The usual coping mechanisms – such as dissociation and compensatory strategies – normally create distance from such intense feelings. They serve as emotional buffers and are part of what is commonly accepted as "normal" in society: a collective form of dissociation as protection from our original sensitivity.

At a certain stage of awakening, however, these defense mechanisms stop working. You begin to feel everything again – fully, intensely, to the core. Childhood traumas resurface with full awareness, no longer numbed or filtered. The carefully constructed adult control system seems to fall away.

Dissociation is no longer possible – it feels as if you become the emotion itself. Attempts to escape or manage these feelings no longer work. No matter what you try, the emotions return – again and again – often with overwhelming force.

This is not a mistake. It’s a natural part of the inner process. And yes, it is deeply challenging – especially when juggling work, family, and everyday responsibilities. The mind tries to maintain control, to manage and protect. But it cannot understand this state, and so it sounds the alarm.
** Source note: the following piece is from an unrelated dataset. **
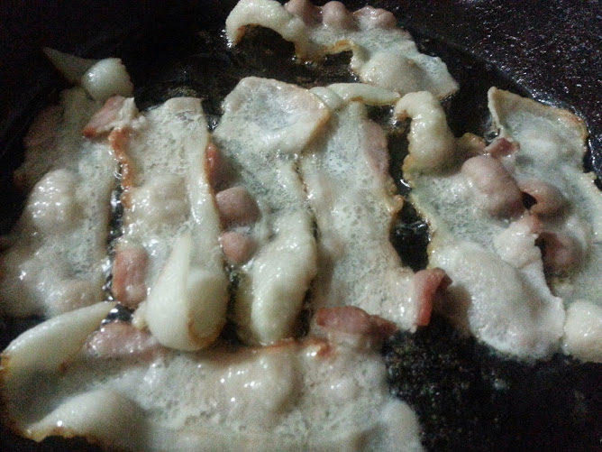 I cover it while it cooks and prepare my omelette contents. I cut up the bacon and other items.
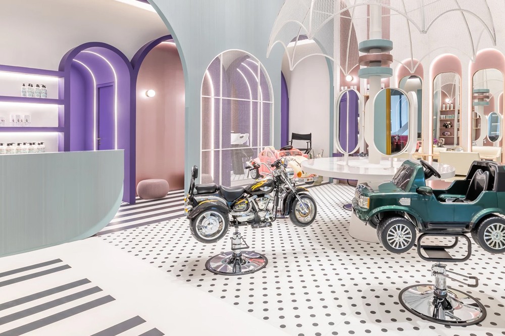 The creative concept of the children’s hair salon was a focus on fun and entertainment. The space needed to be exciting but not sacrifice the functionality of a hairdressing salon.

This can create intense inner tension: a conflict between the mental control system (which responds with panic, fear, even terror or existential dread) and the old, suppressed emotions that now surface – such as helplessness, shame, vulnerability, abandonment, and powerlessness.

This inner struggle is real, and it can feel unbearable at times.

What’s needed is a willingness to feel – again and again – whatever arises, preferably with support. Space is needed for expression and integration. And above all, patience. A great deal of patience. And at times, courage.